Bases: crux.models.model.CruxModel

Resource Model.

add_label(label_key, label_value)

Adds label to Resource.

Parameters
  • label_key (str) – Label Key for Resource.

  • label_value (str) – Label Value for Resource.

Returns

True if label is added, False otherwise.

Return type

bool

add_labels(labels_dict)

Adds multiple labels to Resource.

Parameters

label_dict (dict) – Labels (key/value pairs) to add to the Resource.

Returns

True if the labels were added, False otherwise.

Return type

bool

add_permission(identity_id, permission)

Adds permission to the resource.

Parameters
  • identity_id – Identity Id to be set.

  • permission – Permission to be set.

Returns

Permission Object.

Return type

crux.models.Permission

as_of

Gets the as_of.

Type

str

config

Gets the config.

Type

str

created_at

Gets created_at.

Type

str

dataset_id

Gets the Dataset ID.

Type

str

delete()

Deletes Resource from Dataset.

Returns

True if it is deleted.

Return type

bool

delete_label(label_key)

Deletes label from Resource.

Parameters

label_key (str) – Label Key for Resource.

Returns

True if label is deleted, False otherwise.

Return type

bool

delete_permission(identity_id, permission)

Deletes permission from the resource.

Parameters
  • identity_id (str) – Identity Id for the deletion.
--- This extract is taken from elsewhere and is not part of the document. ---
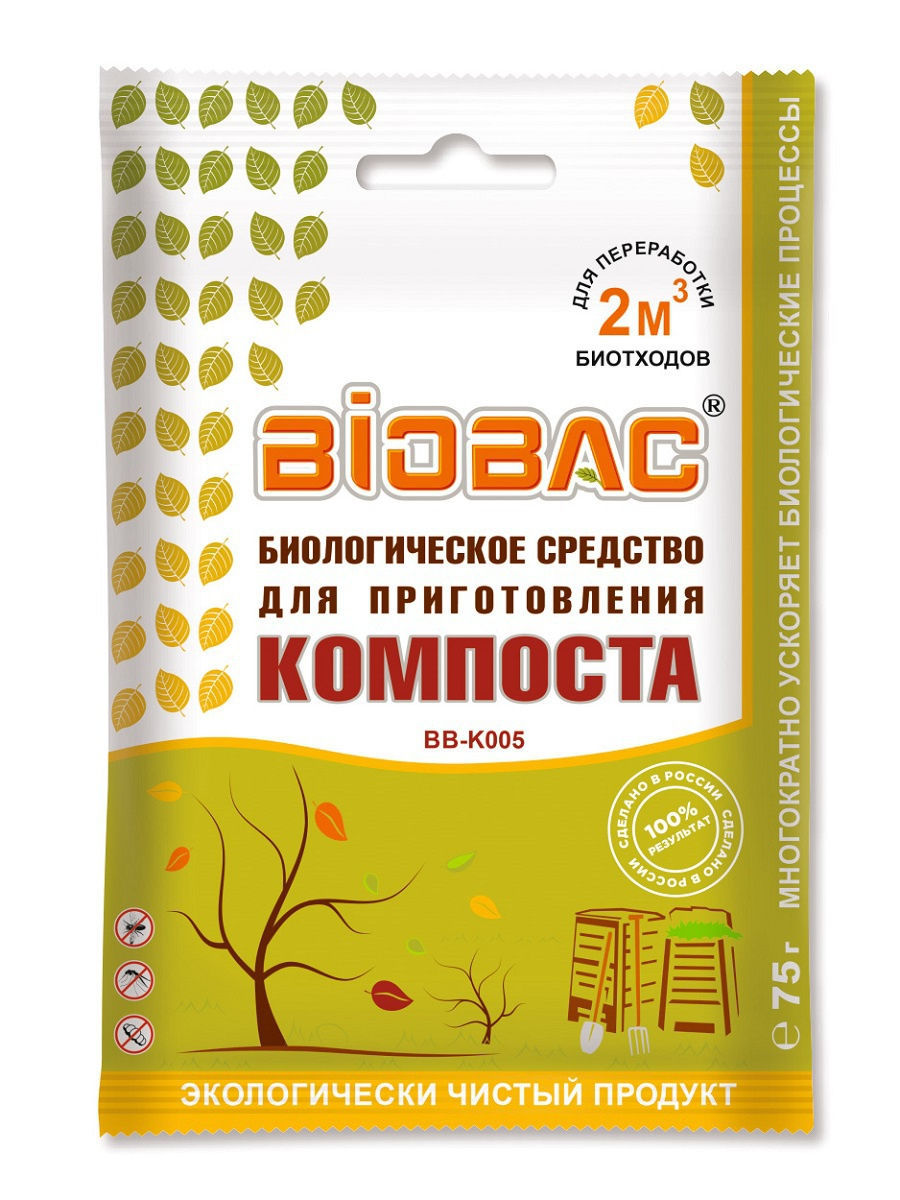 Биологическое средство для приготовления компоста (порошок), 75гр Предназначено для переработки 2куб.м. биоотходов. Благодаря комплексу микроэлементов, активным природным ферментам и высокой концентрации микроорганизмов, многократно ускоряет биологические процессы, максимально эффективно разлагает органические вещества и, за счет насыщения биомассы полезными бактериями, делает конечный продукт, готовый компост, более ценным органическим удобрением. Наличие в препарате аэробных и анаэробных микроорганизмов делает препарат универсальным для применения как в компостных контейнерах, так и на открытом грунте. Устраняет неприятные запахи разложения биомассы Увеличивает концентрацию полезных почвенных бактерий в готовом удобрении Уничтожает семена сорняков Препятствует развитию личинок насекомых Уменьшает объем биомассы. Обеззараживает биоотходы.

  • permission (str) – Permission for the deletion.

Returns

True if it is able to delete it.

Return type

bool

description

Gets the Resource Description.

Type

str

folder

Compute or Get the folder name.

Type

str

folder_id

Gets the Folder ID.

Type

str

classmethod from_dict(a_dict)

Transforms Resource Dictionary to Resource object.

Parameters

a_dict (dict) – Resource Dictionary.

Returns

Resource Object.

Return type

crux.models.Resource

id

Gets the Resource ID.

Type

str

labels

Gets the Resource labels.

Type

dict

list_permissions()

Lists the permission on the resource.

Returns

List of Permission Objects.

Return type

list (crux.models.Permission)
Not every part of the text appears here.